Dataset records:
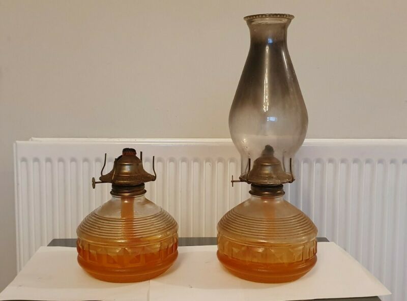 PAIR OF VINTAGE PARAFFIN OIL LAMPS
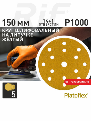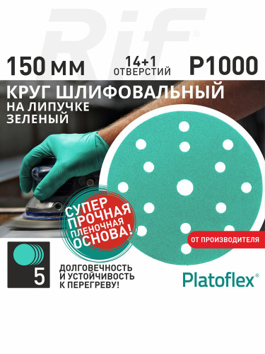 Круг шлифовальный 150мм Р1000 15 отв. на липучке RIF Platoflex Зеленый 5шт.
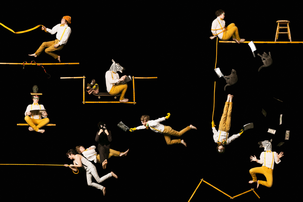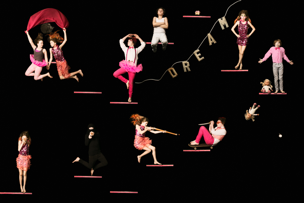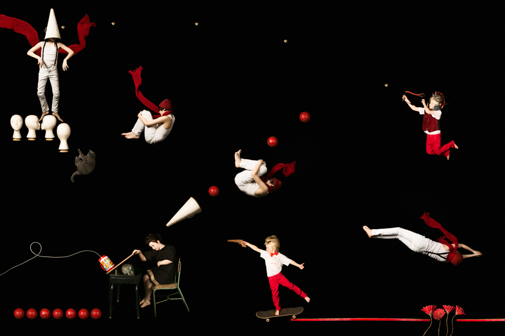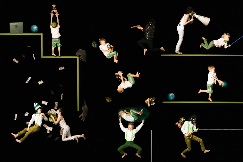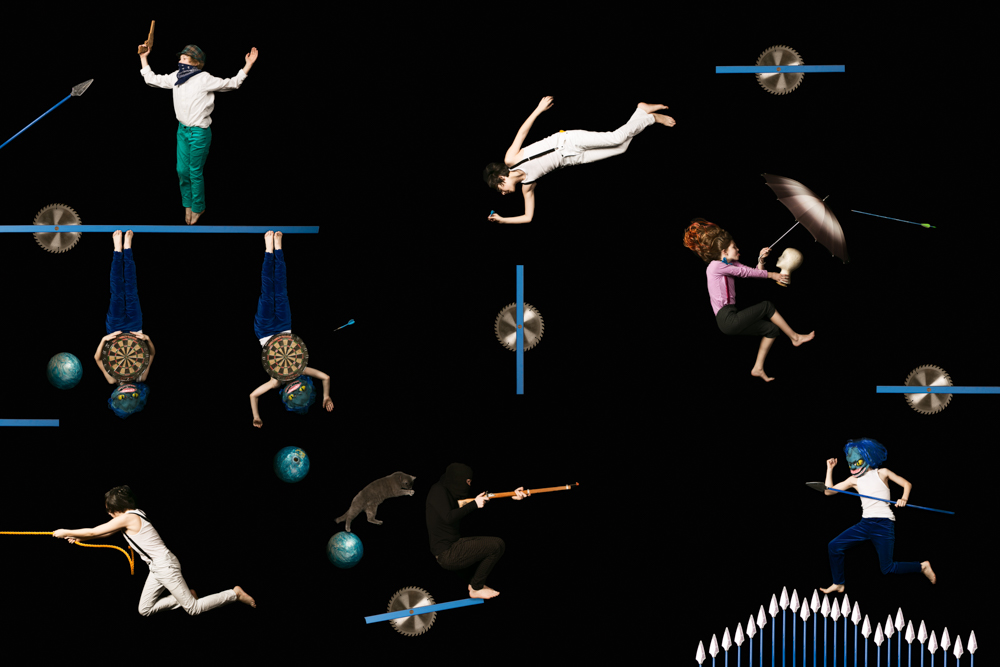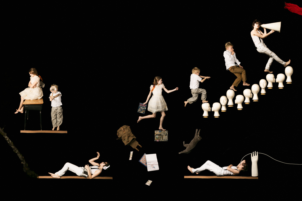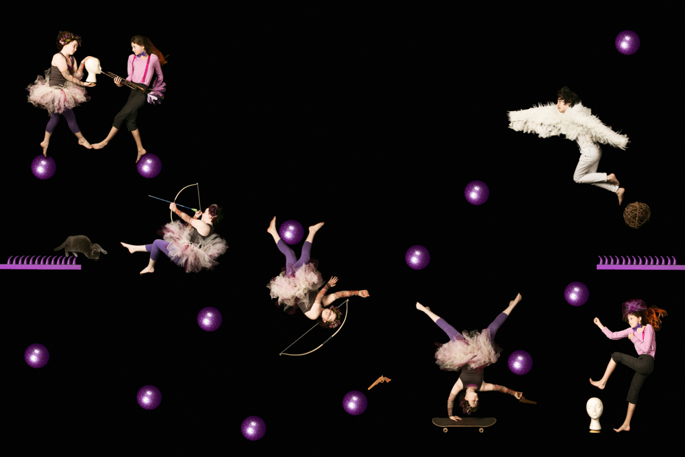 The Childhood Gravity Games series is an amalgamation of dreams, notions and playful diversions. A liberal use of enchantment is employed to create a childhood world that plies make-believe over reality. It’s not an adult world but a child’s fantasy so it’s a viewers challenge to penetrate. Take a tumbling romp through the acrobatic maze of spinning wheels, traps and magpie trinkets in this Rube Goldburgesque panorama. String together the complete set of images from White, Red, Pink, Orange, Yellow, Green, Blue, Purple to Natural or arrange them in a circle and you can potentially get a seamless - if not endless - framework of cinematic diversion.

---

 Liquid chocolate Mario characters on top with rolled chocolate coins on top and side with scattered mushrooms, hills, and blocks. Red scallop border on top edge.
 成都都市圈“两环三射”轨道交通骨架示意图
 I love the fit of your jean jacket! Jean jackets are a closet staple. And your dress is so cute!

...

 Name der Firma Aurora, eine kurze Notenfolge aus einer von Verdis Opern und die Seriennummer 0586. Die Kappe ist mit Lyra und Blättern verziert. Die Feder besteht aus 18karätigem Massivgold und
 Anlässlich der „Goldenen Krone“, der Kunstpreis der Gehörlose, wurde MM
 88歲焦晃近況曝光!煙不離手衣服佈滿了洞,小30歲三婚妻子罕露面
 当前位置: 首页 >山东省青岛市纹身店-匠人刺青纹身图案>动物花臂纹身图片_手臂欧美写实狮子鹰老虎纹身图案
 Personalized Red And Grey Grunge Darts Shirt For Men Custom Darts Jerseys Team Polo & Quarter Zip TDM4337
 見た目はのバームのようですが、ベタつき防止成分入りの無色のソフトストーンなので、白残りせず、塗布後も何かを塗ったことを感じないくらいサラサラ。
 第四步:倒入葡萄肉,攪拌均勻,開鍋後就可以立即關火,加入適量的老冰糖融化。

Work instruction:
Above are the lines; repeat exactly the ones from the line containing "Liquid chocolate Mario" down to the line containing "I love the fit", both inclusive.

Solution below:
 Liquid chocolate Mario characters on top with rolled chocolate coins on top and side with scattered mushrooms, hills, and blocks. Red scallop border on top edge.
 成都都市圈“两环三射”轨道交通骨架示意图
 I love the fit of your jean jacket! Jean jackets are a closet staple. And your dress is so cute!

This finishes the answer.